Ragtimbre
Hi folks,
I hope that all of your moms had a wonderful Mommy's Day! God bless moms and all the love and patience they show, especially to their headstrong daughters who grow up to want to sing and act instead of becoming doctors and lawyers. Crazy kids... Thanks to those of you who came out to Hooch last Saturday night. We had a full room and the audience seemed to have a great time at the Boy Crazy show. Much gratitude to Kirsten, Leah, Michelle, Hunter, Karen, Courtney and Harmony for lending your sweet voices to a fine tribute to male singer-songwriters. I greatly appreciated all of your contributions and the lovely sets that each of you did. I can't wait until next year's show...
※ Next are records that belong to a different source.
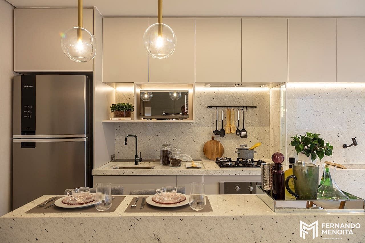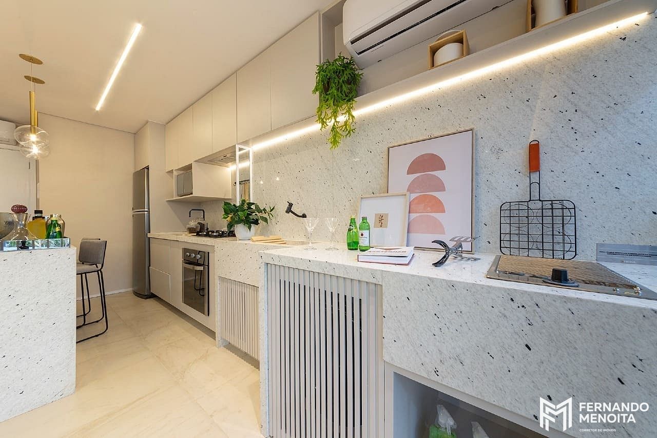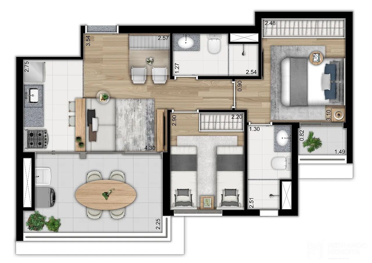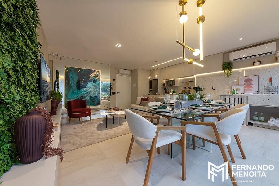 São 2 torres com apartamentos de 56 m² e 79 m², ambos com 1 vaga. A planta de 56 m² oferece 2 dormitórios (sendo 1 suíte), e a de 79 m² conta com 3 dormitórios (também com 1 suíte), com layouts confortáveis para a rotina. As unidades trazem diferenciais que elevam o conforto, como infraestrutura para ar-condicionado nos dormitórios e sala, piso da área social nivelado com o terraço, água quente na cozinha e banheiros e ponto elétrico para grill.
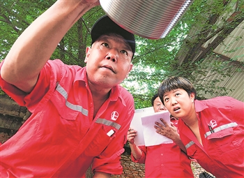 近日,河南油田物资供销中心南阳仓库开展技术比武竞赛,参赛选手贾添泰(左一)正在进行螺纹检测仪器测量比赛。比武共分套管内外螺纹丝扣清洗和螺纹检测仪器测量两个项目,旨在提升职工技术技能水平,形成比学争优的良好氛围。本报通讯员 谢玉文 摄
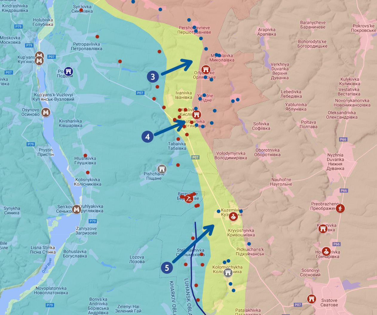 East of Kupyansk, Ukraine is steadily applying pressure to the east (3,4,5). Ukraine is heavily shelling the string of towns between Pershotravneve and Kotlyarivka, and in return, Russia is heavily shelling the area near Kyslivka and Kotlyarivka.
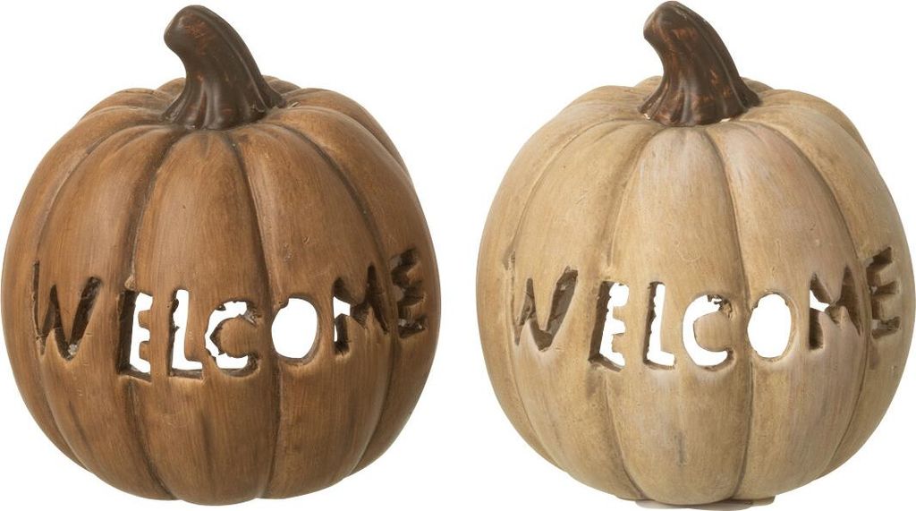 J-Line Kerzenständer Kürbis Welcome Ton Karamell Small 2 Sortiert

...so that I can do a better job! Every vocalist has a particular timbre to his or her voice that is that optimal sound - the milk&honey sound. It happens when all of the physical and emotional elements of singing fuse perfectly and what comes out of you is exactly what you want to. Try as I might, I couldn't find it at the Boy Crazy show. It was the weirdest feeling. I was up there and the notes were coming out, but it felt like I was someone else trying to imitate me and not doing a particularly good job. I can honestly say that in eight years of performing I've never felt quite so outside of my skin during a show. Perhaps it was nervousness that came with singing songs that I have absolute reverence for... or maybe it was just one of those nights. Either way, it made some of the comments I got immediately after and in the days following mean that much more to me. Some really nice things were said about my performance at a time when I wasn't feeling good about it at all, and they lifted my spirits a lot. So thank you.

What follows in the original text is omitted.